I have a site that I want to extract data from. The data retrieval is very straight forward.
我有一个网站,我想从中提取数据。数据检索非常简单。
It takes the parameters using HTTP POST and returns a JSON object. So, I have a list of queries that I want to do and then repeat at certain intervals to update a database. Is scrapy suitable for this or should I be using something else?
它使用HTTP POST获取参数并返回JSON对象。所以,我有一个我想要做的查询列表,然后以一定的间隔重复更新数据库。 scrapy适合这个还是我应该使用其他东西?
I don't actually need to follow links but I do need to send multiple requests at the same time.
我实际上不需要关注链接,但我确实需要同时发送多个请求。
3 个解决方案
#1
6
How does looks like the POST request? There are many variations, like simple query parameters (?a=1&b=2
), form-like payload (the body contains a=1&b=2
), or any other kind of payload (the body contains a string in some format, like json or xml).
看起来像POST请求怎么样?有许多变体,比如简单的查询参数(?a = 1&b = 2),类似形式的有效负载(正文包含a = 1&b = 2),或任何其他类型的有效负载(正文包含某种格式的字符串,如json或xml)。
In scrapy is fairly straightforward to make POST requests, see: http://doc.scrapy.org/en/latest/topics/request-response.html#request-usage-examples
在scrapy中发出POST请求相当简单,请参阅:http://doc.scrapy.org/en/latest/topics/request-response.html#request-usage-examples
For example, you may need something like this:
例如,您可能需要这样的东西:
# Warning: take care of the undefined variables and modules!
def start_requests(self):
payload = {"a": 1, "b": 2}
yield Request(url, self.parse_data, method="POST", body=urllib.urlencode(payload))
def parse_data(self, response):
# do stuff with data...
data = json.loads(response.body)
#2
0
For handling requests and retrieving response, scrapy is more than enough. And to parse JSON, just use the json
module in the standard library:
为了处理请求和检索响应,scrapy绰绰有余。
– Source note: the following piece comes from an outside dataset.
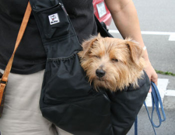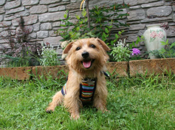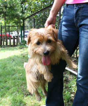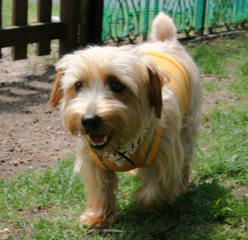 やんちゃという意味が名前の由来のノーティ君 ハーネスで持ち上げられることしばしば。でもとってもフレンドリー。 クインシーにそっくりの顔です。 |

要解析JSON,只需使用标准库中的json模块:
import json
data = ...
json_data = json.loads(data)
Hope this helps!
希望这可以帮助!
#3
0
Based on my understanding of the question, you just want to fetch/scrape data from a web page at certain intervals. Scrapy is generally used for crawling.
根据我对该问题的理解,您只想以一定的间隔从网页中获取/抓取数据。 Scrapy通常用于爬行。
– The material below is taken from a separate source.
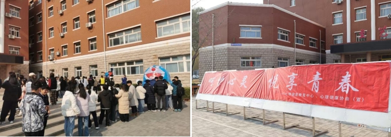 11月7日中午,由学生处心理健康教育中心主办、心理健康协会承办的第17届“12·5”心理健康教育月开幕式暨心理游园会活动在教一楼门前举行。本次活动以“呵护心灵,悦享青春”为主题,旨在通过系列活动帮助同学们放松心情、释放压力,促进心理健康,培养积极心态,丰富青春体验。我院245名同学参加了本次活动。

If you just want to make http post requests you might consider using the python requests library.
如果您只想发出http post请求,可以考虑使用python请求库。
#1
6
How does looks like the POST request? There are many variations, like simple query parameters (?a=1&b=2
), form-like payload (the body contains a=1&b=2
), or any other kind of payload (the body contains a string in some format, like json or xml).
看起来像POST请求怎么样?有许多变体,比如简单的查询参数(?a = 1&b = 2),类似形式的有效负载(正文包含a = 1&b = 2),或任何其他类型的有效负载(正文包含某种格式的字符串,如json或xml)。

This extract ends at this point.